There are calls in some sectors of the international community for the United States to enter into discussions with Hamas and, indeed, some recent news reports suggest some third-party talks may be in the works, possibly involving Egypt.

While I won’t dismiss out of hand sending U.S. demands through a friendly country, experience dictates that negotiating with terrorists is counterproductive.

With that in mind, Egypt could help the peace process by closing down the smuggling corridor between Gaza and Egypt. Tunnels built by Hamas and other criminal elements are used to smuggle supplies and arms from inside Egypt. While it may not be feasible to find and bury all the tunnels, Egypt could set up inspection stations on the surface roads leading to Gaza, which would severely curtail, if not shut down, the smuggling operation.

The United States is committed to Israel’s security and survival. In the past couple of weeks, Secretary of State Condoleezza Rice and Vice President Dick Cheney have traveled to the region in an attempt to reinvigorate the peace process. The House of Representatives reconfirmed that commitment earlier this month when I and 403 of my colleagues voted to condemn Hamas’ rocket attacks on Israeli towns. Likewise, we are committed to the two-state solution as outlined at the Annapolis conference that was hosted by President Bush last November.

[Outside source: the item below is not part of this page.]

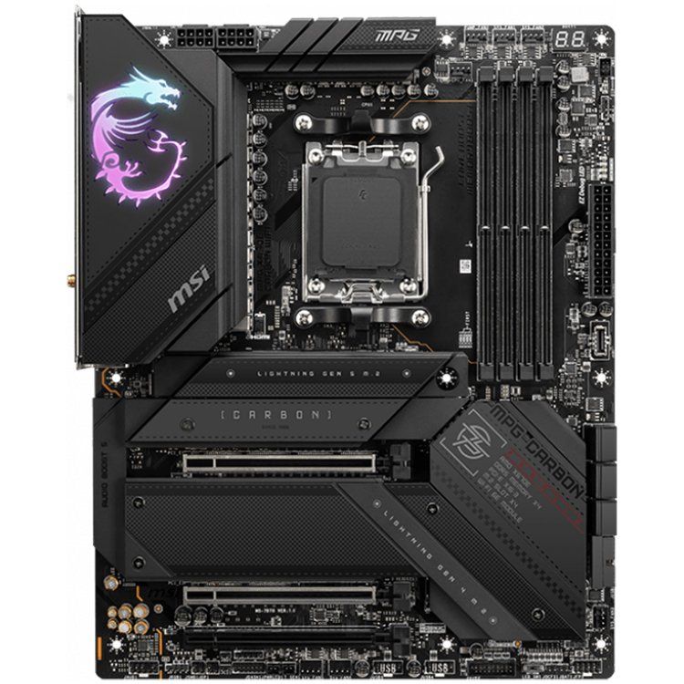 Дънна платка MSI MPG X670E CARBON WIFI (AMD AM5, 4x DDR5, 4x M.2, 2.5Gbps LAN, Wi-Fi 6E, HDMI, DP, USB Type-C) ATX

But those can only be achieved when terrorism is defeated.

Sixty years is long enough for a nation to fight to retain its independence. Our Arab partners, including Egypt and Jordon, need to join with the United States to pressure Hamas and other terrorist groups to cease and desist.

Rep. Elton Gallegly (R-Thousand Oaks) is a member of the House of Representatives Permanent Select Committee on Intelligence and a senior member of the Foreign Affairs Committee.